Given entries:

========

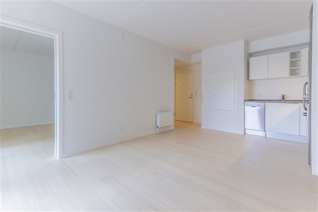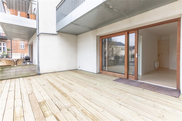 Denne charmerende og lyse lejlighed, som er beliggende centralt i Hellerup, tilbyder en fredelig tilværelse med god privathed i en tilbagetrukket bygning på Strandvejen. Boligen er en 2-værelses lejlighed på 57 kvadratmeter, som fremtræder elegant med hvidmalede vægge og lyse gulve, der løber ensartet fra køkken-alrummet til soveværelset.Lejlighedens største attraktion er den rummelige private terrasse. Store skydedøre i både stue og soveværelse, der går fra gulv til loft, skaber en flydende overgang mellem inde- og udearealer og giver et harmonisk samspil. Terrassen indbyder til mange hyggelige stunder på varme sommeraftener og kan nemt indrettes med forskellige typer udendørsmøbler og planter.
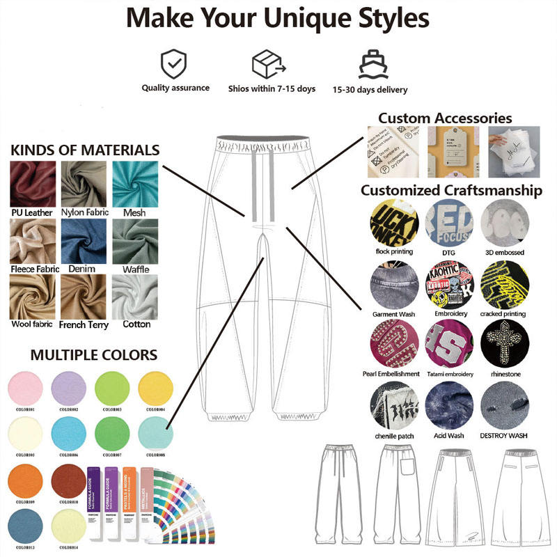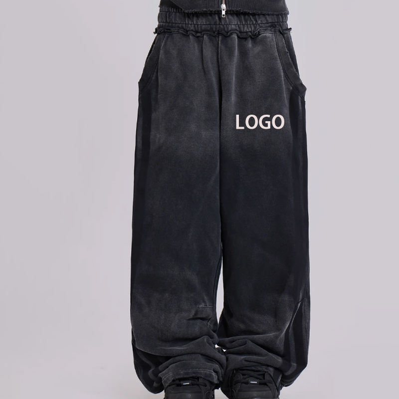 Pantalones Deportivos Holgados de Felpa Francesa de Alta Calidad para Hombre, Personalizables con Logotipo, Disponibles en Negro Lavado
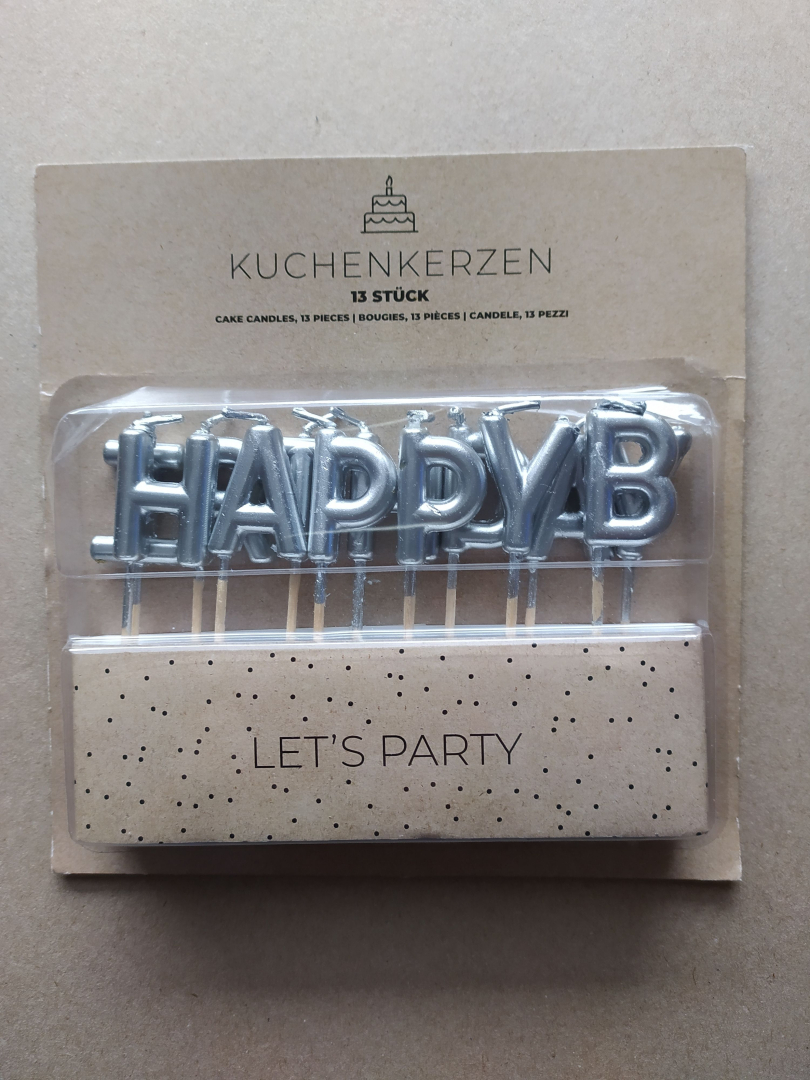 Happy Birthday in Form von 13 Kuchen-kerzen . Noch original verpackt .
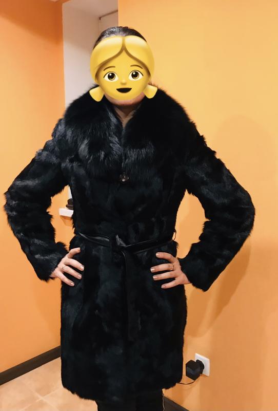 Чудова шубка, чорного кольору, гарно блестить і переливається на сонці. Комір - песець, низ - стрижений козлик. Є поясок та кармани. В ідеальному стані. Розмір - L. Довжина по спинці (з коміром) - 100 см, ширина - 47 см, довжина рукава ( від плеча) - 65 см. Продаю через те що стала затісна.
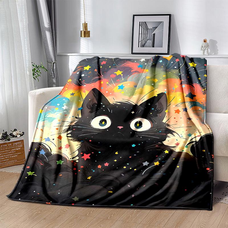 1pc Colorful Stars and Cats Cartoon Blanket Seasonal Home Decor Gift, Living Room, Travel, Camping, Car Blankets
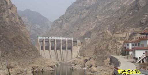 中国陝西省咸陽市(西安の北隣)にある恵渠(ジンケイキョ)のダムではないかと思います。この水利施設は鄭国渠(テイコクキョ)を継承する現代の施設とされています。
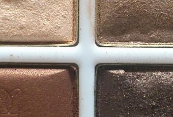 Estas son las sombras en cuestión, se que están un poco tocadas pero eso es porque en el viaje no aguantaron enteras las pobres. Los colores son preciosos y tienen una pinta como de ser minerales y de pigmentar una barbaridad pero cual es mi sorpresa al meter el pincel para hacerme un look y ver que nada de nada.
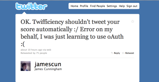 Before you sharpen your pitchforks, be aware that the programmer behind Twifficiency is a 17-year-old named James Cunningham, who claims to have built the app to teach himself about oAuth, with no intention of its going viral:
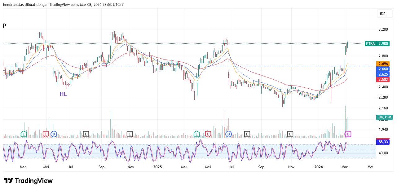 • Penjelasan: Naik +0.34% ke 2980, chart flat-up (52w: 2170-3070). Volume besar, foreign interest tinggi. Scalp cepat di range 2910-3010, jika breakout 3000, tambah posisi. One trade: Buy hold jika tren coal positif.
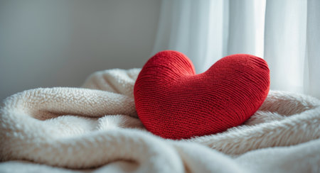 AI Generated. red knitted heart shaped pillow on bed with white blanket close up
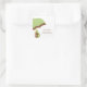 Chic mum to be holding a teddy bear and green polka dot umbrella. Perfect for gender neutral baby showers.
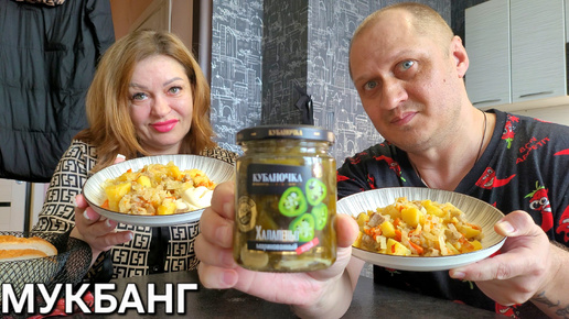 Мукбанг - тушёная капуста, картофель с мясом | маринованный халапеньо
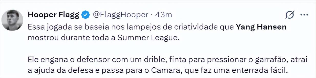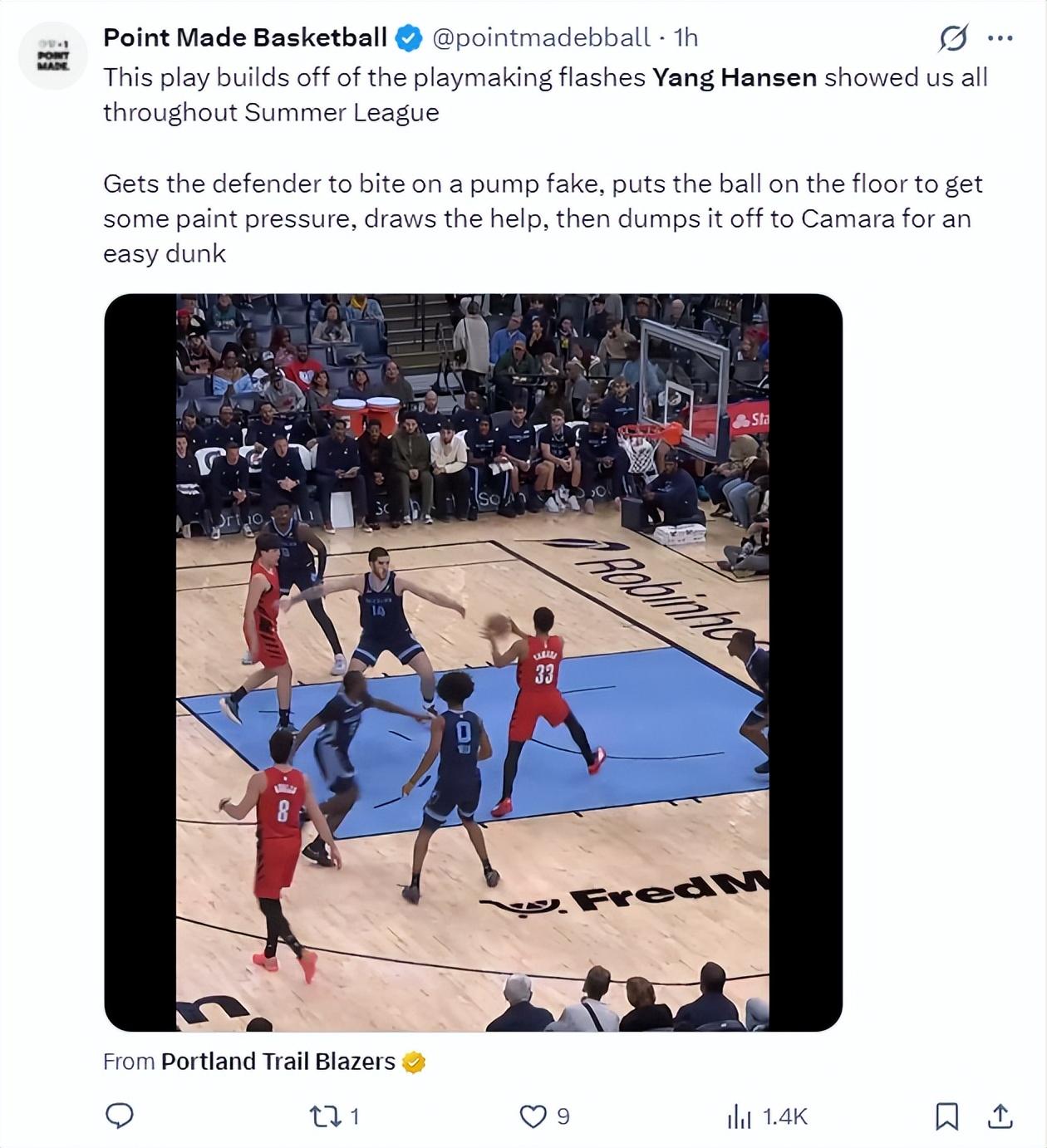 美媒還是盛讚了楊瀚森的表現:夏季聯賽楊瀚森就展現了出色的進攻組織能力,他可以利用假動作晃起對手的重心,衝入禁區前吸引協防把球傳給隊友。
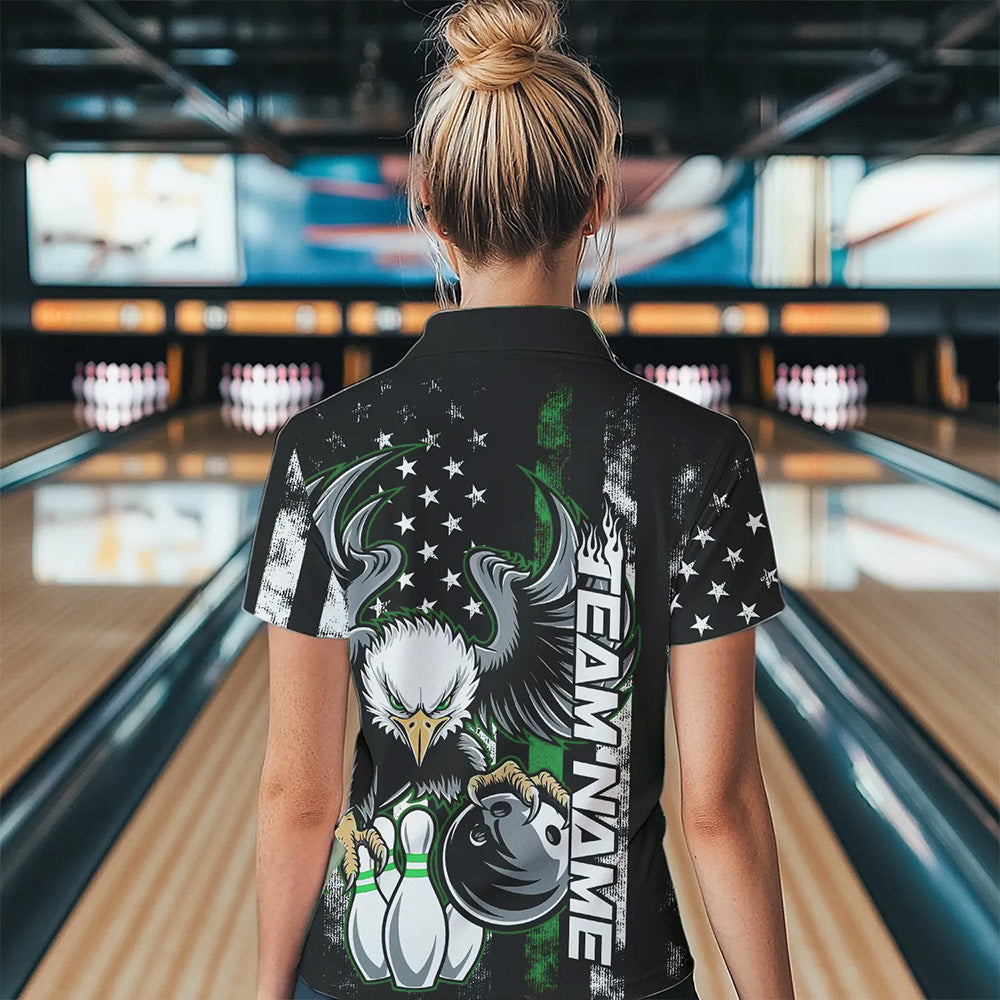 Custom Green Thin Line American Flag Eagle Bowling Women Polo Shirts, Patriotic US Bowling IPHW8737
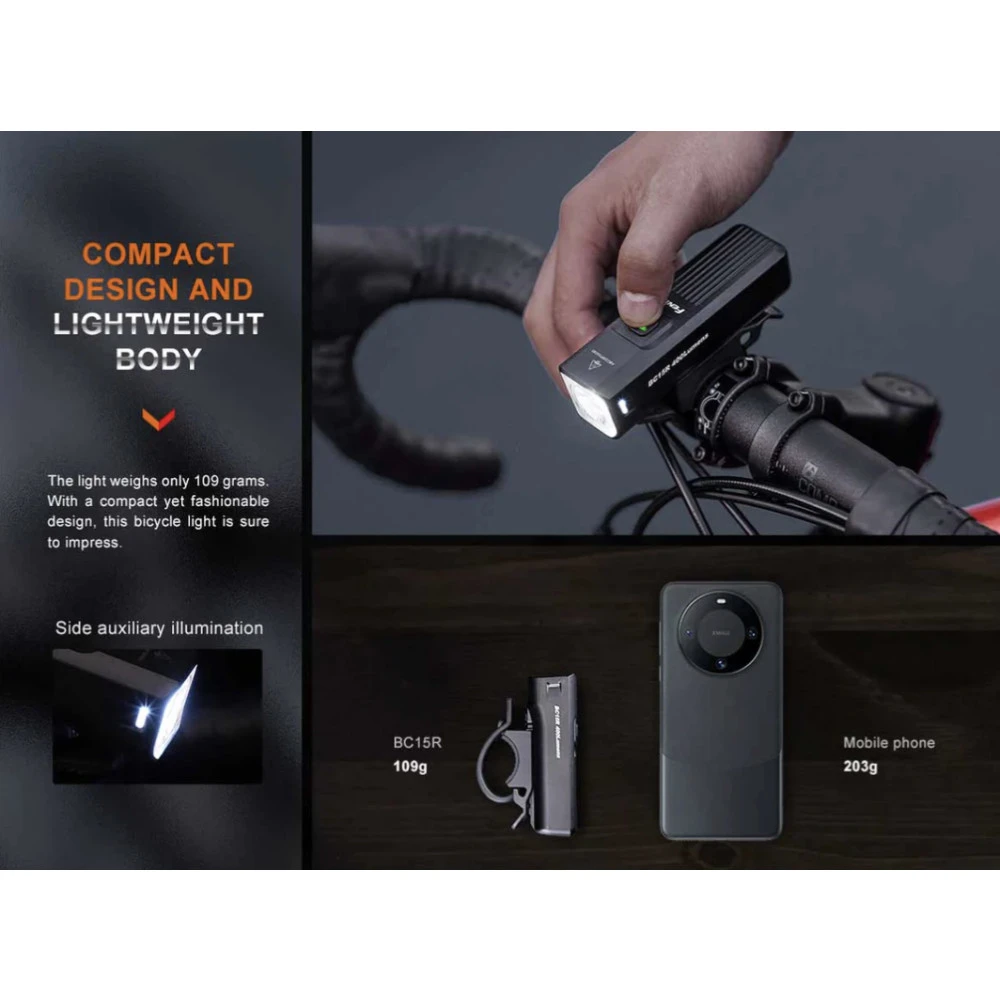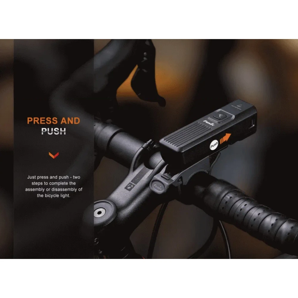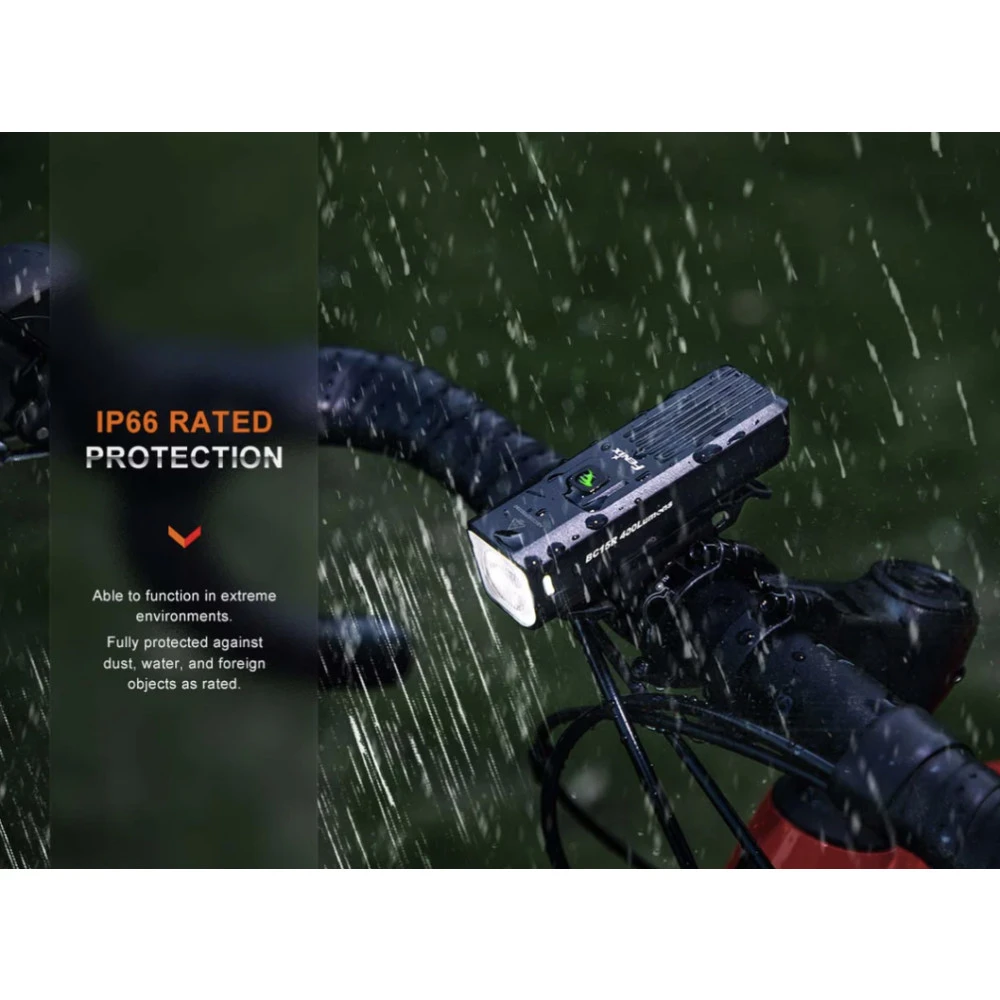 The Fenix BC15R is a lightweight bicycle light that can deliver a maximum 400 lumens from the built-in 2600mAh battery. It is Type-C rechargeable, and extremely easy to install and operate. The anti-glare cut-off facula works like a modern car headlight and cuts off the light at the top to avoid blinding oncoming traffic or pedestrians, making it much safer for commuting. It offers three brightness levels and a flashing mode for added rider safety. The quick-release bike mount makes it easy to quickly mount or dismount the light. Simply push to mount, and press and pull to release. Heavy rain resistant and impact resistant, this bicycle light will perform even in the harshest conditions.

========

Your task: In the copy, include each line from the start of the material through the line with "Happy Birthday in", word for word, but none of the pictures.

Your response:
 Denne charmerende og lyse lejlighed, som er beliggende centralt i Hellerup, tilbyder en fredelig tilværelse med god privathed i en tilbagetrukket bygning på Strandvejen. Boligen er en 2-værelses lejlighed på 57 kvadratmeter, som fremtræder elegant med hvidmalede vægge og lyse gulve, der løber ensartet fra køkken-alrummet til soveværelset.Lejlighedens største attraktion er den rummelige private terrasse. Store skydedøre i både stue og soveværelse, der går fra gulv til loft, skaber en flydende overgang mellem inde- og udearealer og giver et harmonisk samspil. Terrassen indbyder til mange hyggelige stunder på varme sommeraftener og kan nemt indrettes med forskellige typer udendørsmøbler og planter.
 Pantalones Deportivos Holgados de Felpa Francesa de Alta Calidad para Hombre, Personalizables con Logotipo, Disponibles en Negro Lavado
 Happy Birthday in Form von 13 Kuchen-kerzen . Noch original verpackt .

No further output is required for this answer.